Fonzie required four months of recuperation before Olibas’ trainer, Joni Carvin, was able to begin riding him again.

There’s more.

In January, Olibas was traveling down Highway 12 when she smashed into an 18-wheeler that jackknifed right in front of her. Divine intervention certainly played a part as Olibas’ car nicked a tire just enough to break forward momentum. The car mashed up under the trailer but stopped right where the windshield meets the hood, just inches away from taking Olibas’ life. Her femur was broken in two places and a steel rod was required.

"It’s a miracle he and I are alive," Olibas reiterated.

A sports massage therapist, Olibas has been riding reiners for about three years. She purchased Fonzie from Bernard and Jennifer Koerer, Stephenville, Texas, in May 2001. Between Carvin and Olibas, the 4-year-old has accumulated over $2,000 in earnings.

By Doc A Doo Leo and out of Okie Dokie Dry by Dry Doc, the stallion also ended up with highest score in the Non-Pro Division, but Olibas had not entered. Still, she was ecstatic about her dual championships – as were the people familiar with her incredible circumstances.

When it was over, Olibas was thankful for Carvin, a trainer that was committed to seeing her client back in the saddle.

"When Joni heard my score, she ran up to a woman she didn’t even know and started hugging her, saying ‘Oh my God – I can’t believe it!!’ " Olibas said with a laugh. "Her support has just meant so much to me and she’s been dedicated to me 100 percent."

Big time Prime Time …
Lee Scheffers and SB Top Dun win the Prime Time Non-Pro
A goodie but certainly not an oldie, Lee Scheffers, 47, took the Prime Time Non-Pro at The Reining By The Bay. On SB Top Dun, the Riverside, Calif., reiner scored 143 points for the Championship and $372 accompanying payout.

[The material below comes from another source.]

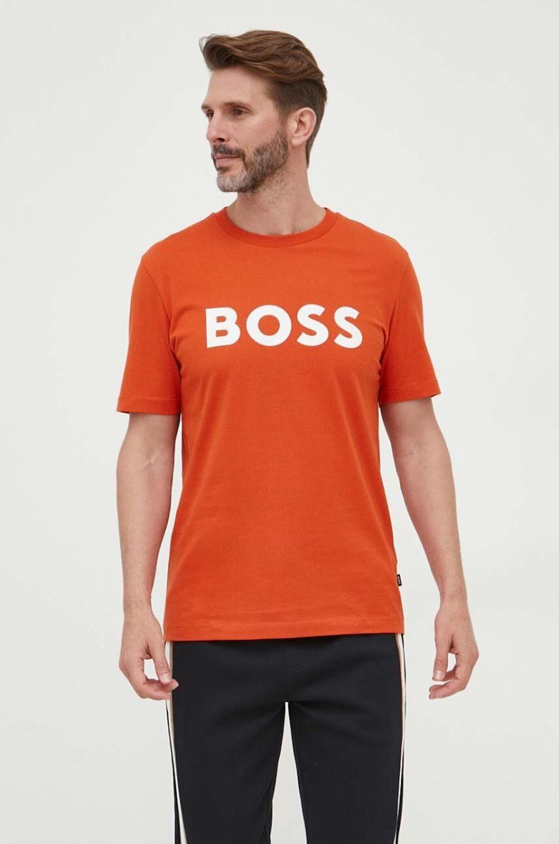Бавовняна футболка BOSS колір помаранчевий з принтом

Lee and his wife, Marilyn, had tinkered with reining for years but since they ran patterns and team penned on the same horses, there had not been too many major victories.

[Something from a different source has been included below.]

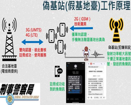 刑事警察局及國家通訊傳播委員會為防制是類詐騙犯罪,與台灣大哥大、中華電信、遠傳電信等行動通訊業者研商建置假基地臺偵測系統,本案查扣之涉案假基地臺係俗稱「偽基站」之陸製設備,可在約100公尺有效範圍內,遮蔽當地電信業者基地臺訊號,每小時發送數千至上萬則釣魚簡訊,並偽冒任意數字組合之簡訊發送號碼,已成為國內詐騙簡訊主要發送管道之一,本案目前清查假冒「iPASS一卡通」及「街口支付」等手法已累計有12位被害人,總財損超過新臺幣40萬元,並持續擴大清查中。

"I was making my trainer lady real happy," Lee said with a laugh about his coach, Robert McCarty.

In 1999, the Scheffers got serious. Lee showed Skippa Bar Lady to a few top five Limited Non-Pro finishes and by the next year was going all out with several impressive showings, including a Non-Pro Reserve Championship at the NRBC and multiple firsts at the California Reining Championships.

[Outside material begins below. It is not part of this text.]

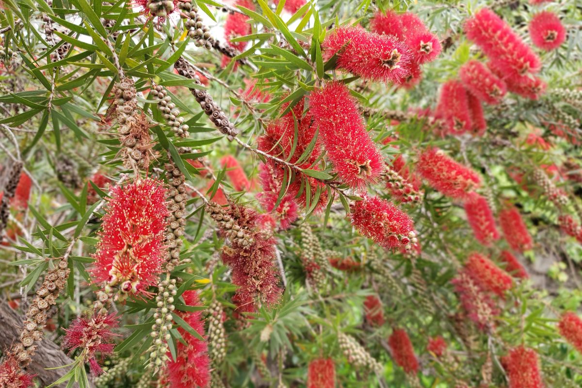 Popularmente conhecido como “escova-de-garrafa” devido à forma de suas flores, o calistemo é uma planta que atrai uma variedade de aves, especialmente os beija-flores.

Later in 2000, Lee and Marilyn purchased SB Top Dun from Sally Broten, River Falls, Wis. By Hollywood Dun It and out of Juanita Chex by Topsail Cody, SB Top Dun has so far earned over $12,000 with Lee in the saddle.
"He’s just coming into his own," Lee said about the gelding. "You can show and push him hard as you need to and he never minds. He’s very tolerant, kind and nothing ever seems to rattle him."

Now Scotty, as the horse was nicknamed after trainer Scott McCutcheon, is for sale. Lee planned to show his gelding through the end of this year and then sell SB Top Dun.

"He’s been a really great horse but we’ve just got too many," Lee said.

Lee is a drywall contractor and Marilyn is the lead salesperson for Pep Threads, a company specializing in cheerleading uniforms.